There is something about western shigs that makes them just so damn beatiful.

Now get some patina on that polish!


----------



## TB_London (May 16, 2012)

Nice knife, they're even nicer with a custom handle 










Oh and this is a useful read:

http://*****************.co.uk/2011/01/forcing-patina-on-shigefusa-240-kasumi.html


----------



## oivind_dahle (May 16, 2012)

Rehandle that beast! .)


----------



## RiffRaff (May 16, 2012)

You can see one with patina in my 5/14 thread on damascus. Sharpens up easy and the spine is butter soft.


----------



## Peco (May 16, 2012)

oivind_dahle said:


> Rehandle that beast! .)


NO WAY


----------



## Halicon (May 16, 2012)

I really wouldn't recommend putting a new handle on that one Peco. 

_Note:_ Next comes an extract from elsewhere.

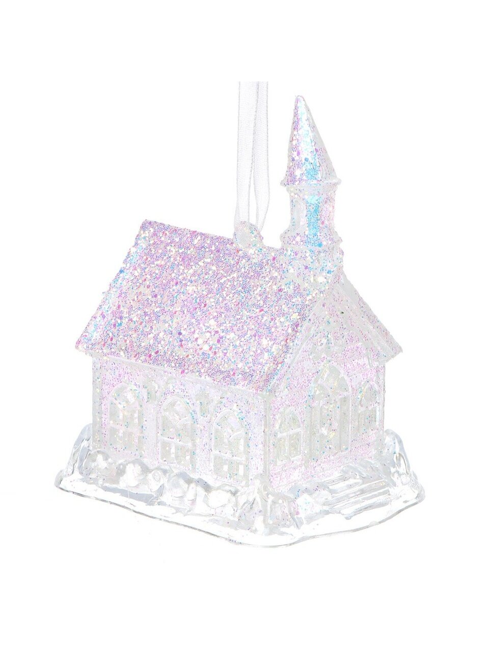 Елочное украшение Домик перламутрового цвета 7×6×10 см — стильный акцент для новогодней елки: легкий, небьющийся, подходит для улицы и дома.

As they create their western handles just like their Wa handles with plane blades and chisels the feel and fit lands in another dimension entirely. Like a diamond with facets shaved flat by the plane and rounded on the corners with a compass plane and probably finished with a slick or kuri-kogatana (it's only my guess about the slick and kuri-kogatana), just stunning!
An inspirational handle for someone that works with the same kind of tools, mind sending me yours so I can take an ink imprint on it Peco? 

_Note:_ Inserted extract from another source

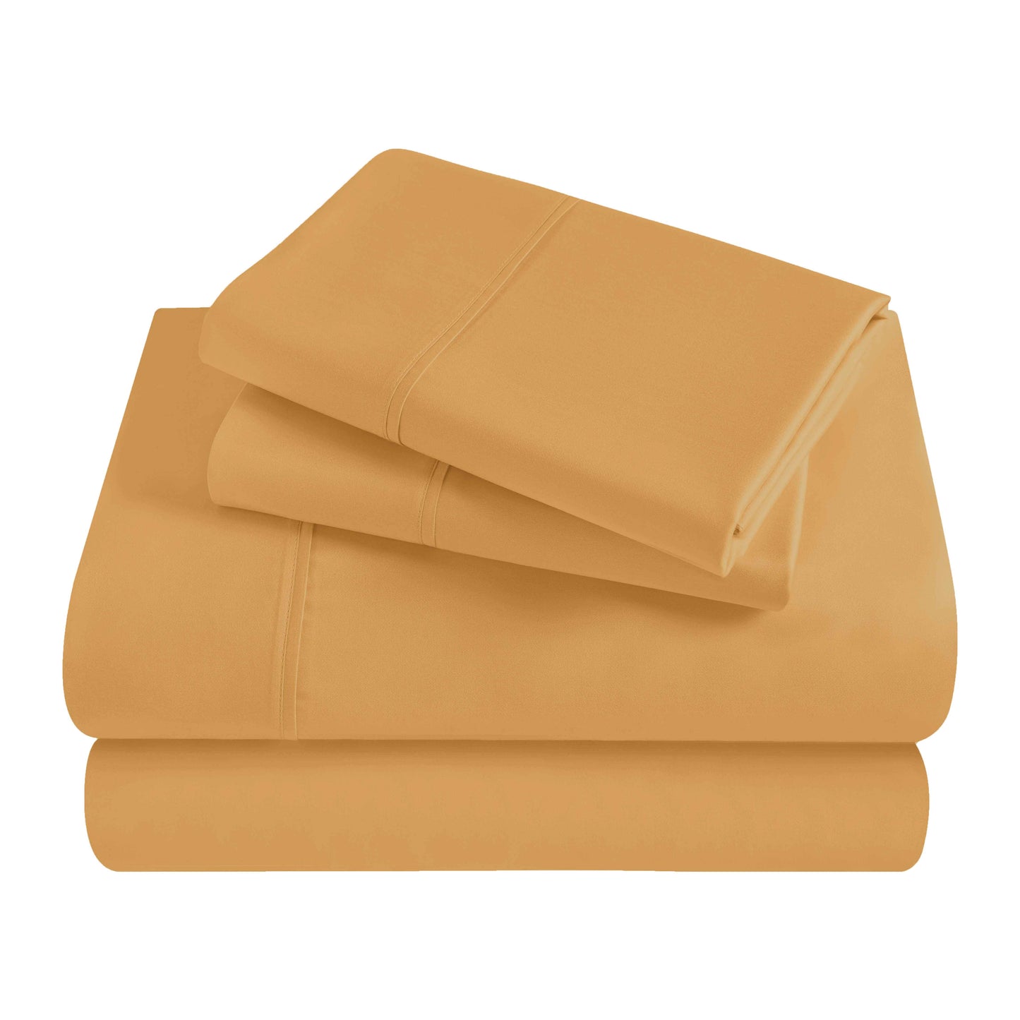 - 4 Piece set includes 1 Flat Sheet, 1 Fitted Sheet and 2 Pillowcases

To boil it all down into one sentence, the western handles on Shigefusa knives cost more for a reason! 
Can't wait until I get one of these for myself, time to switch to noodle diet for a month or two and collect as many aluminum cans I can find.


----------



## oivind_dahle (May 16, 2012)

Shigefusa is not worth the price anyway, so rehandle it! .)


----------



## Halicon (May 16, 2012)

oivind_dahle said:


> Shigefusa is not worth the price anyway, so rehandle it! .)



Is that a bit of envy I detect?


----------



## TB_London (May 16, 2012)

I was of the impression that western handled shig's were renowned for having fit and finish issues with the scales. I remember a few threads about it on the old forum, and mine was far from perfect.


----------



## Halicon (May 16, 2012)

TB_London said:


> I was of the impression that western handled shig's were renowned for having fit and finish issues with the scales. I remember a few threads about it on the old forum, and mine was far from perfect.



That can't be the majority of their western handles though? If not I don't see why they would be so sought after if the first thing one has to do is rehandle it, did you bring it up with your retailer? I wouldn't accept waiting and paying for a brand new Shigefusa only to find defects on it, that would outright suck quite badly.


----------



## stevenStefano (May 16, 2012)

Are they not integral bolsters? I thought that was why they are so expensive


----------



## Andrew H (May 16, 2012)

stevenStefano said:


> Are they not integral bolsters? I thought that was why they are so expensive



That's what I thought also. I've seen a few posts about people re-handling them and complaining about the scales, like TB said.


----------



## Dave Martell (May 16, 2012)

These are nice knives but the western handle scales (and workmanship to shape them) is really bad - some of the worst I've seen. I see the maker as more of a blacksmith than woodworker.


----------



## Halicon (May 16, 2012)

Dave Martell said:


> These are nice knives but the western handle scales (and workmanship to shape them) is really bad - some of the worst I've seen. I see the maker as more of a blacksmith than woodworker.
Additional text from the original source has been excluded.